- Nickname: "Coplan" (operational call sign)
- Born: 14 November 1921 Brive-la-Gaillarde, France
- Died: 17 December 2011 (aged 90) Turenne, France
- Place of burial: Objat
- Allegiance: France
- Branch: French Army
- Service years: 1946–1981
- Rank: Général de corps d'armée
- Commands: 11th Shock Parachute Battalion 8th Infantry Division French military mission to the NATO Military Committee
- Conflicts: World War II First Indochina War Suez Crisis Algerian War
- Awards: Legion of Honour (Commander) Ordre national du Mérite (Commander) Cross for Military Valour

= Pierre Crousillac =

French Army general (1921-2011)

Pierre Crousillac (14 November 1921 - 17 December 2011) was a French Army officer who rose to the rank of général de corps d'armée. A graduate of the École polytechnique and a member of the French Resistance during World War II, he served as a signals officer in the First Indochina War, took part in the French liaison mission to the Israeli army during the Suez Crisis, and commanded the 11th Shock Parachute Battalion during the Algerian War.

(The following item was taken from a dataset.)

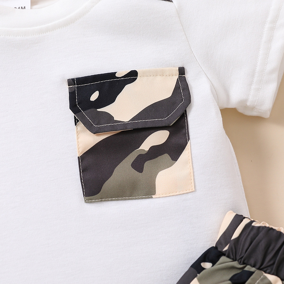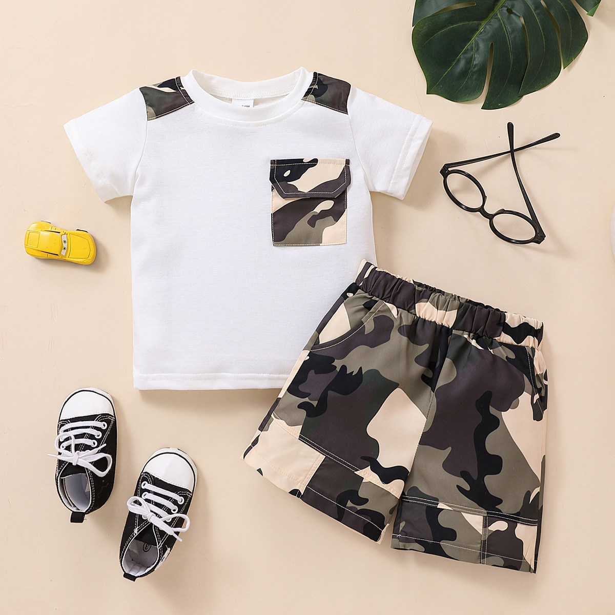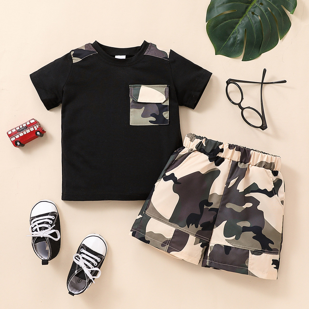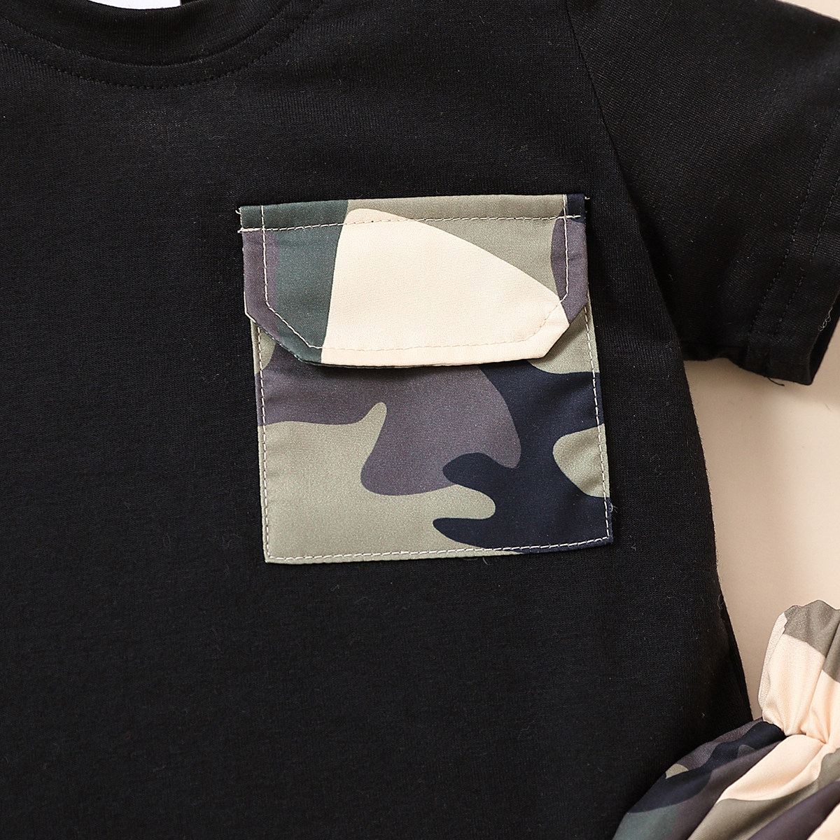 Toddler Boy Round Neck Camouflage Patchwork Print Pocket Top & Shorts Wholesale

He later served as military attaché in Moscow, commanded the 8th Infantry Division at Compiègne, and from 1978 until his retirement in 1981 headed the French military mission to the NATO Military Committee.

==Early life and education==
Crousillac was born on 14 November 1921 in Brive-la-Gaillarde, in the Corrèze department. He grew up in Tulle and studied in the scientific preparatory classes of the Lycée Louis-le-Grand before entering the École polytechnique in September 1942.

Two months later his studies were interrupted when he was sent to the Chantiers de la jeunesse, where he served as a corporal at Argelès-sur-Mer, Saint-Amans-Soult and Argentat.

==Resistance and Liberation==
In October 1943, refusing to comply with the Service du travail obligatoire, he joined the Armée secrète in the Brive-la-Gaillarde area, where he commanded a company of maquisards. Like most of his comrades he then joined the Corrèze-Limousin marching regiment and took part in the operations of the Liberation.

He returned to the École polytechnique in 1945 and graduated in 1948 into the engineer branch, before transferring to the signals branch.

==First Indochina War==
After a first posting in which he was responsible for the communications of the convoys delivering Marshall Plan aid across Europe, he embarked in 1951 aboard the liner La Marseillaise for Saigon to take part in the First Indochina War. As commanding officer of the 21/1 operational signals company, he provided the communications for the major operations of northern Tonkin, in particular at the entrenched camp of Nà Sản.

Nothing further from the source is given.